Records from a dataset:
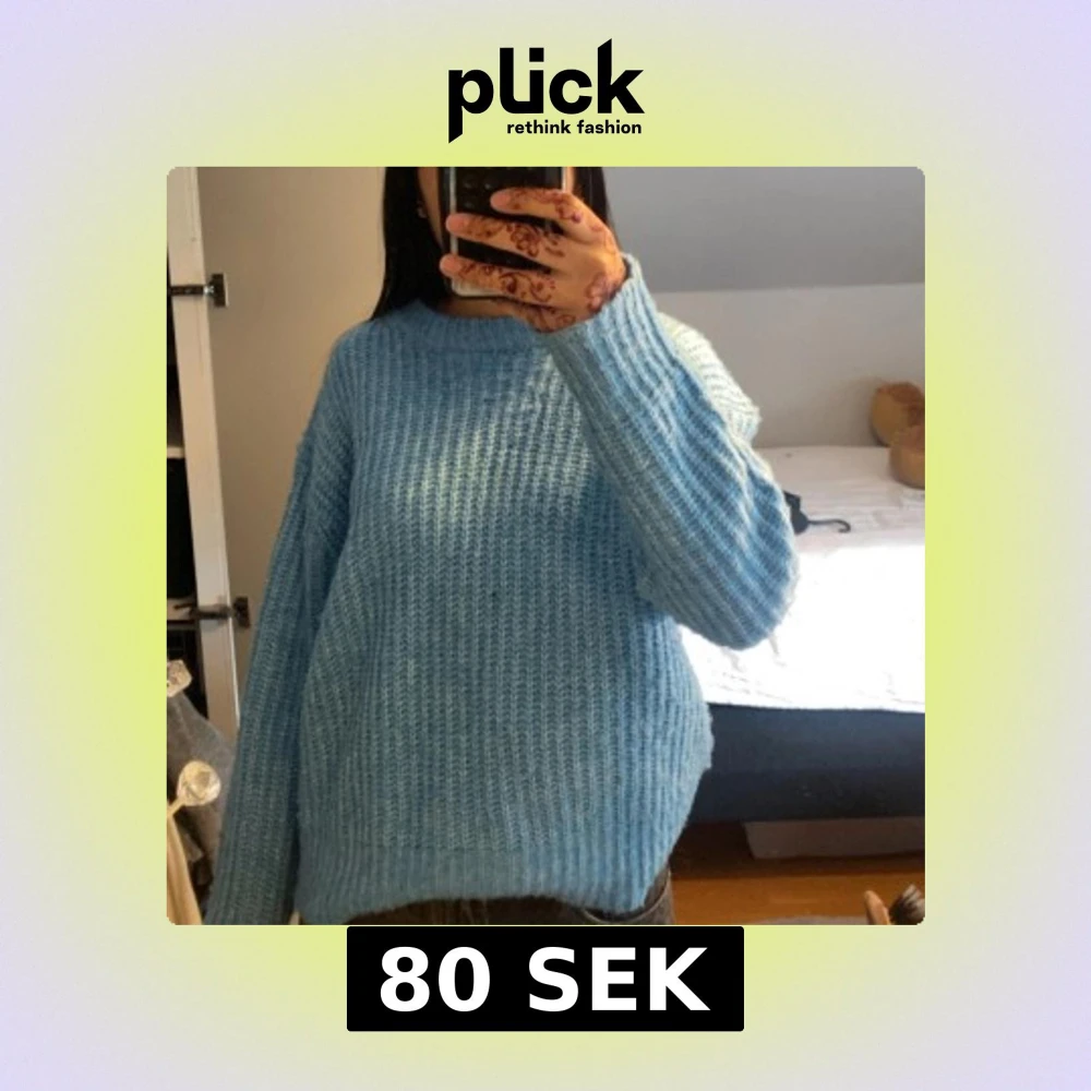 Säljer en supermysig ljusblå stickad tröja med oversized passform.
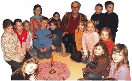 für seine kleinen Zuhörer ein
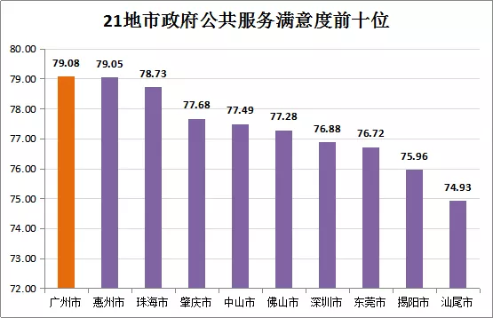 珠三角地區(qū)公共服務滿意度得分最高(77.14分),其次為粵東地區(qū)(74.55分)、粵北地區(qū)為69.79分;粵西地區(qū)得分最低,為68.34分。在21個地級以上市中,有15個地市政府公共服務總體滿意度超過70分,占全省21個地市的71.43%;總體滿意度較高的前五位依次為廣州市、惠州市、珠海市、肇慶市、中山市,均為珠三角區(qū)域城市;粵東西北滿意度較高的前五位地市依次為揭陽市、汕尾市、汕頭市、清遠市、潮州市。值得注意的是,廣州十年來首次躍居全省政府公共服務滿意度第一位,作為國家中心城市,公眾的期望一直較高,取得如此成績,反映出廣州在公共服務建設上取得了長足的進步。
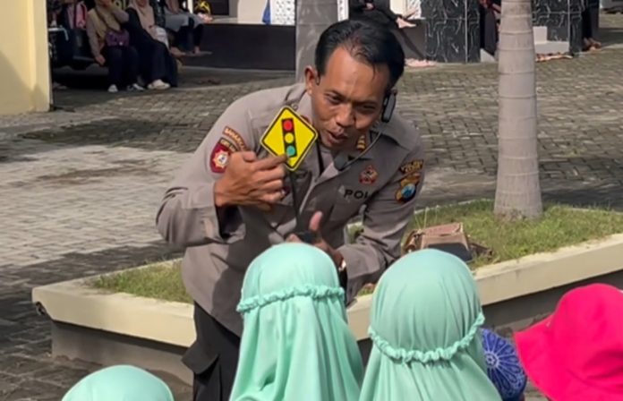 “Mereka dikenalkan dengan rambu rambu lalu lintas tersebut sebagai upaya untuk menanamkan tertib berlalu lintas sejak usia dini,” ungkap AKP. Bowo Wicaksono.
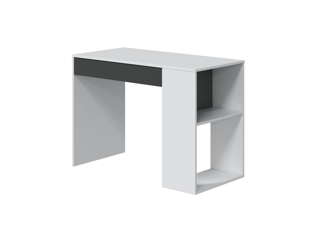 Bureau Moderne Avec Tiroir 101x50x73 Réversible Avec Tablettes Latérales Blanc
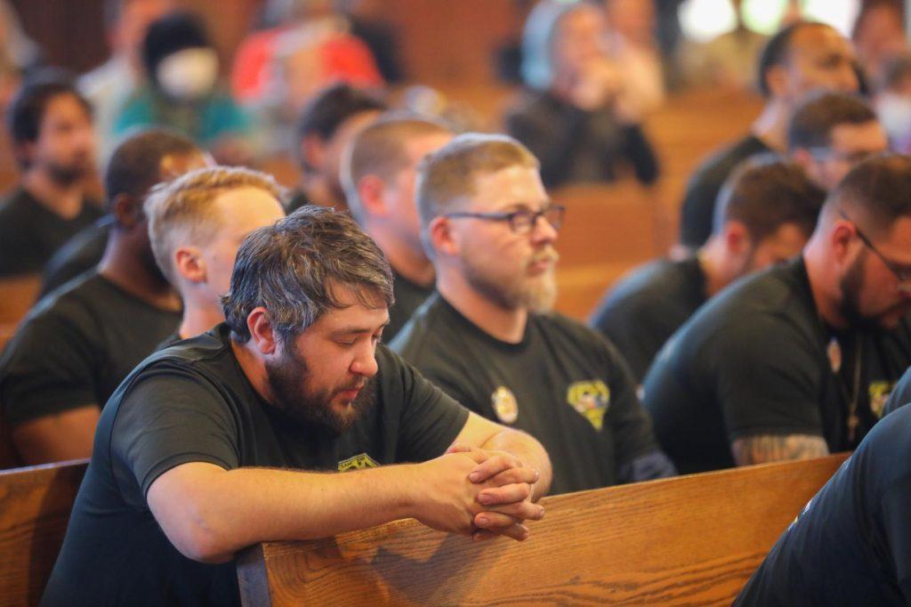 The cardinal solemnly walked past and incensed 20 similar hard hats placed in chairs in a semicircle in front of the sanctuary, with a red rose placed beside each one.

WHAT THIS TASK INVOLVES: Transcribe all the lines above exactly, apart from the pictures.

RESPONSE BOX:
 Säljer en supermysig ljusblå stickad tröja med oversized passform.
 für seine kleinen Zuhörer ein
 珠三角地區(qū)公共服務滿意度得分最高(77.14分),其次為粵東地區(qū)(74.55分)、粵北地區(qū)為69.79分;粵西地區(qū)得分最低,為68.34分。在21個地級以上市中,有15個地市政府公共服務總體滿意度超過70分,占全省21個地市的71.43%;總體滿意度較高的前五位依次為廣州市、惠州市、珠海市、肇慶市、中山市,均為珠三角區(qū)域城市;粵東西北滿意度較高的前五位地市依次為揭陽市、汕尾市、汕頭市、清遠市、潮州市。值得注意的是,廣州十年來首次躍居全省政府公共服務滿意度第一位,作為國家中心城市,公眾的期望一直較高,取得如此成績,反映出廣州在公共服務建設上取得了長足的進步。
 “Mereka dikenalkan dengan rambu rambu lalu lintas tersebut sebagai upaya untuk menanamkan tertib berlalu lintas sejak usia dini,” ungkap AKP. Bowo Wicaksono.
 Bureau Moderne Avec Tiroir 101x50x73 Réversible Avec Tablettes Latérales Blanc
 The cardinal solemnly walked past and incensed 20 similar hard hats placed in chairs in a semicircle in front of the sanctuary, with a red rose placed beside each one.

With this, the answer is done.